The copy must run from the first line of the entries below through the line containing "Keywords: striped knit", restated word for word, with pictures left out.

::: Supplied entries

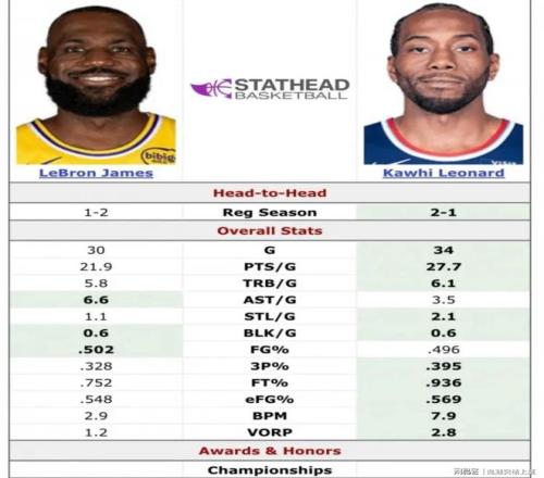 随后,他直接晒出了詹姆斯和伦纳德本赛季的数据对比。赛季至今,詹姆斯场均21.9分5.8板6.6助1.1断,伦纳德场均27.7分6.1板3.5助2.1断。
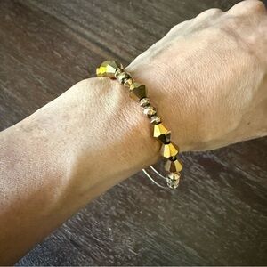 Elegant gold beaded bracelet perfect for any occasion. Add a touch of sophistication to your outfit.
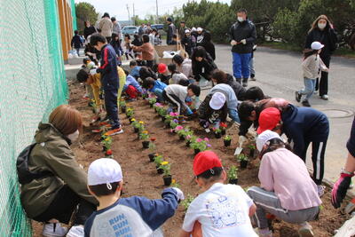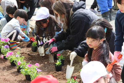そして給食の後はPTAの皆さんと子どもたちで花壇に花を植えました。
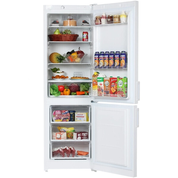 Холодильник с нижней морозильной камерой Stinol STN 185 вместительная модель с удобной системой организации внутреннего пространства. Стеклянные полки с регулируемой высотой могут выдерживать нагрузку до 40 кг каждая, а прозрачные ящики в нижней части длительное время сохраняют свежесть овощей и фруктов. В морозилке используются выдвижные пластиковые лотки, обеспечивающие быстрый доступ к продуктам.
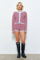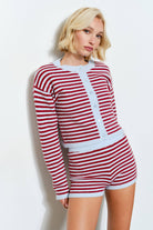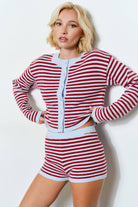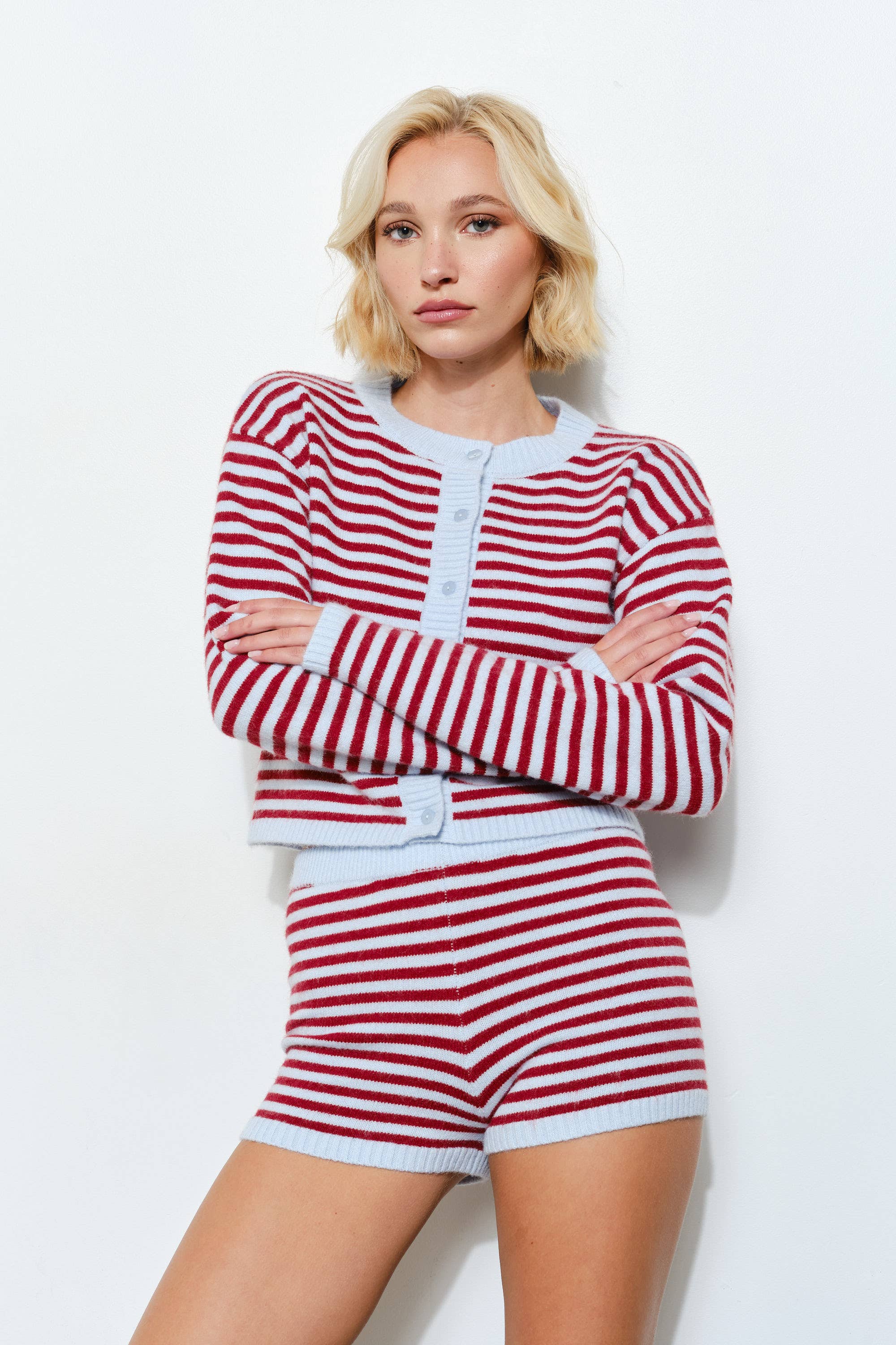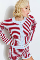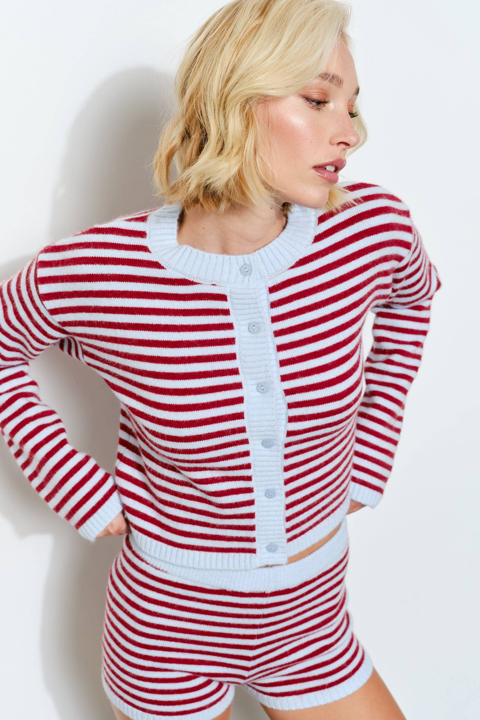 Keywords: striped knit cardigan, button up cardigan, cozy layering piece, women’s knit sweater, matching cardigan set, trendy lounge cardigan, wholesale women’s fashion, playful striped cardigan
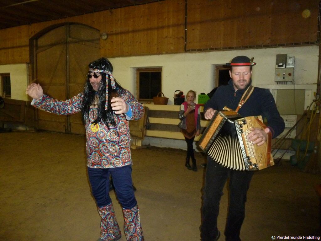 Das ganze Jahr über findet immer montags das Therapeutische Reiten der Pferdefreunde im Rupertiwinkel e.V. Fridolfing unter Leitung von Gertraud Forster statt in der Reithalle der Familie Meindl in Rothanschöring statt. Auch am Rosenmontag trafen sich die Reiter und Betreuer des Therapeutischen Reitens. Dieses Mal aber war ein besonderer Montag, da neben den Therapiereitern und deren Familien auch weitere Mitglieder der Fridolfinger Pferdefreunde erschienen waren, um den Therapiereitern beim Reiten zuzusehen. Alle kamen verkleidet und präsentierten die raffiniertesten Verkleidungen. Außerdem gab es verschiedene Snacks und Süßigkeiten sowie Getränke, um nach dem Reiten in geselliger Runde Fasching zu feiern. Auch Vorstand Franz Mayer ließ es sich nicht nehmen und kam als Hippie maskiert, um sich der Faschingsfeier anzuschließen. Er überraschte das Team des Therapeutischen Reitens mit Musik: der Vorsitzende wurde von Matthias Winkler begleitet, der mit seiner Ziach und zünftiger Musik dazu beitrug, dass es ein lustiger und unterhaltsamer Faschingsabend wurde. Zur Musik wurde geklatscht und getanzt, ja sogar eine Polonaise mit Pferd wurde quer durch die Reithalle geführt.
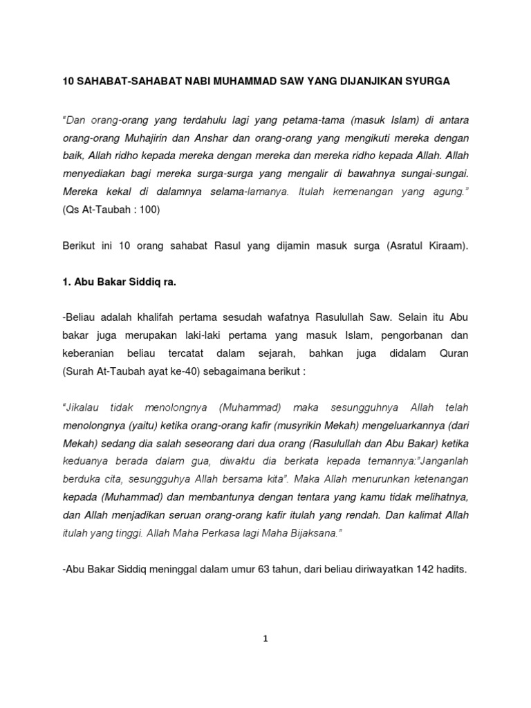 Berikut 10 sahabat nabi yang dijamin masuk surga yang dirangkum detikcom. Itulah 10 sahabat baginda yang dijanjikan allah dengan syurga. Abu bakar as siddiq r a.
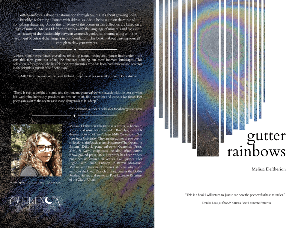 gutter rainbows by Melissa Eleftherion, Querencia Press, 2024, 85 pages, $13

::::::

# Response area
 随后,他直接晒出了詹姆斯和伦纳德本赛季的数据对比。赛季至今,詹姆斯场均21.9分5.8板6.6助1.1断,伦纳德场均27.7分6.1板3.5助2.1断。
 Elegant gold beaded bracelet perfect for any occasion. Add a touch of sophistication to your outfit.
そして給食の後はPTAの皆さんと子どもたちで花壇に花を植えました。
 Холодильник с нижней морозильной камерой Stinol STN 185 вместительная модель с удобной системой организации внутреннего пространства. Стеклянные полки с регулируемой высотой могут выдерживать нагрузку до 40 кг каждая, а прозрачные ящики в нижней части длительное время сохраняют свежесть овощей и фруктов. В морозилке используются выдвижные пластиковые лотки, обеспечивающие быстрый доступ к продуктам.
 Keywords: striped knit cardigan, button up cardigan, cozy layering piece, women’s knit sweater, matching cardigan set, trendy lounge cardigan, wholesale women’s fashion, playful striped cardigan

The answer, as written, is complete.